Frailty is a clinical syndrome characterized by reduced physiological reserves and heightened vulnerability to stressors. Its prevalence is estimated to range from 18.8 to 41.9% in geriatric surgical patients and from 10.4 to 37.0% in general surgical patients (7, 8). Frailty is associated with decreased functional capacity, an elevated risk of adverse health outcomes, and a higher likelihood of postoperative complications (8).
Additionally, older adults are particularly vulnerable to nutritional deficiencies, which can lead to malnutrition through various mechanisms (9, 10). The reported prevalence of malnutrition is typically below 10% among independently living older adults but increases to nearly two-thirds in hospitalized older patients (11, 12). Malnutrition is linked to adverse outcomes such as higher infection rates, prolonged LOS, delayed recovery after acute illnesses, and increased mortality risk (13, 14). It is also considered an important factor contributing to the multifaceted etiology of frailty (15).

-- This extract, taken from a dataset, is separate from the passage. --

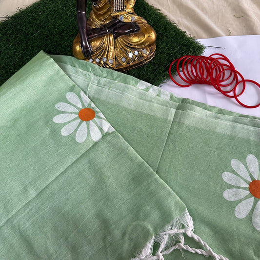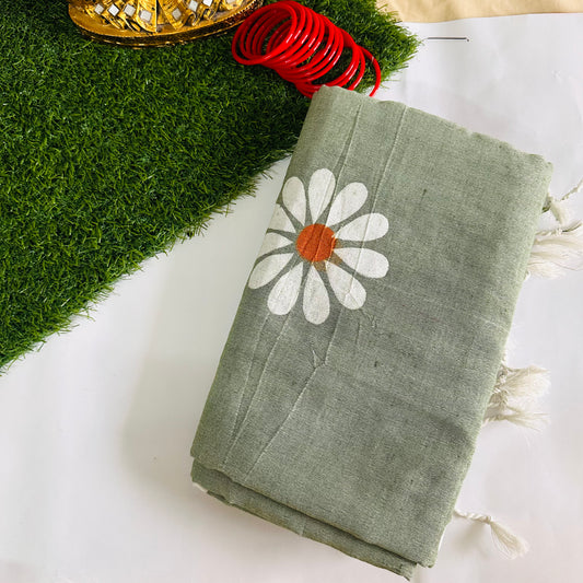 Hari-Daisy – Handpainted Khadi Cotton Saree

Although frailty and malnutrition have distinct diagnostic criteria, they share common features—such as weight loss and muscle weakness—and often coexist in hospitalized older patients (16). The coexistence of frailty and malnutrition in older surgical patients intensifies their vulnerability to postoperative complications and mortality. However, the interaction between these two factors and their combined influence on surgical outcomes remain inadequately understood. Addressing this gap in knowledge is critical to improving preoperative assessments, optimizing patient care, and enhancing surgical outcomes. In this study, we aimed to evaluate the predictive value of frailty and malnutrition as well as their combined effects on postoperative complications in older patients undergoing surgery.
2 Materials and methods
2.1 Study design and setting
This study was a retrospective analysis of data derived from a previously approved prospective observational cohort (REC.64-396-8-1) conducted at Songklanagarind Hospital, a tertiary care academic center in Southern Thailand known for its specialized geriatric and surgical services. The hospital operates under Thailand’s Universal Health Coverage system. Most patients were insured through either the Universal Coverage Scheme or the Civil Servant Medical Benefit Scheme, both of which provide equitable access to essential healthcare services regardless of income. All participants received care at this public institution; no patient was treated in private healthcare facilities.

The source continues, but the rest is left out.